• _Raw data_
▼
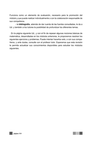 El documento describe la organización de los módulos de matemática. Cada módulo contiene lecciones organizadas por temas principales. Cada lección incluye secciones como problemas, soluciones propias, soluciones propuestas, actividades y claves de corrección. Al final del módulo hay un trabajo práctico integrador y bibliografía.
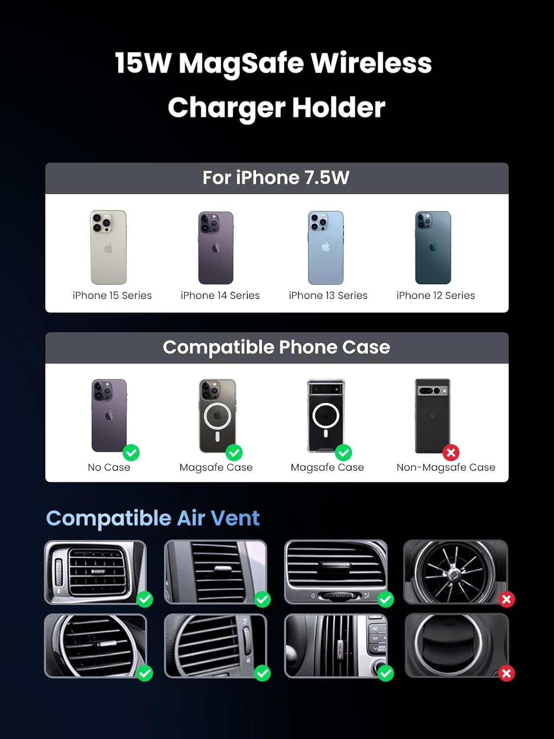 Designed For iPhone Series: The Magnetic car mount charger is compatible with iPhone Air/17/16/15/iPhone 15 Plus/15 Pro/15 Pro Max/14/14 Pro/14 Plus/14 Pro Max/13/13 Pro/13 Pro Max/13 Mini/12/12 Pro/12 Pro Max/12 Mini, etc. Please kindly note that for better using experience, if you’re using a phone case, please make sure to use authorized Magnetic phone case
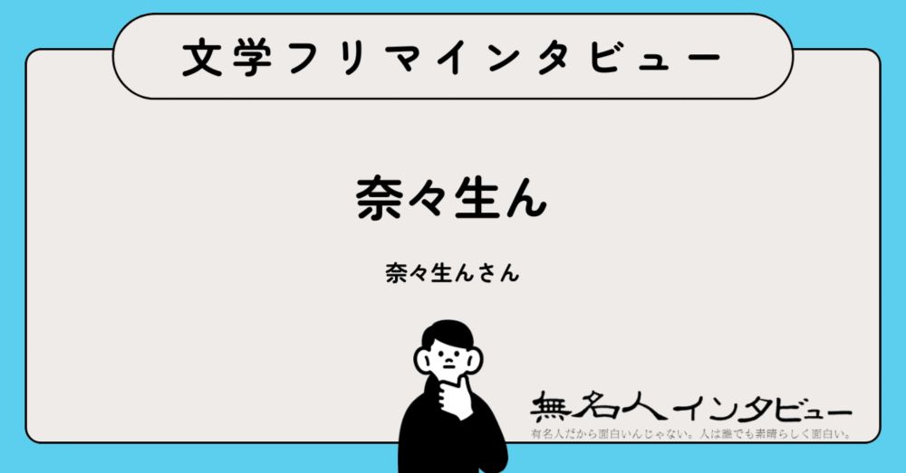 この記事は、文学フリマに参加する人たちのためのインタビュー。 今回参加いただいたのは 奈々生ん(なななまん) さんです! 屋号:奈々生ん(なななまん) 作者名:奈々生ん(なななまん) 参加イベント・ブース:文学フリマ東京41・B-85 HPなど:https://lit.link/nananaman 文学フリマカタログ:https://c.bunfree.net/c/tokyo41/1F/B/8...
▲
• _Task objective_
Nothing but the lines from the start of the listing through the line with "Designed For iPhone" belongs in the answer, each one retyped exactly and without pictures.

• _Response box_
 El documento describe la organización de los módulos de matemática. Cada módulo contiene lecciones organizadas por temas principales. Cada lección incluye secciones como problemas, soluciones propias, soluciones propuestas, actividades y claves de corrección. Al final del módulo hay un trabajo práctico integrador y bibliografía.
 Designed For iPhone Series: The Magnetic car mount charger is compatible with iPhone Air/17/16/15/iPhone 15 Plus/15 Pro/15 Pro Max/14/14 Pro/14 Plus/14 Pro Max/13/13 Pro/13 Pro Max/13 Mini/12/12 Pro/12 Pro Max/12 Mini, etc. Please kindly note that for better using experience, if you’re using a phone case, please make sure to use authorized Magnetic phone case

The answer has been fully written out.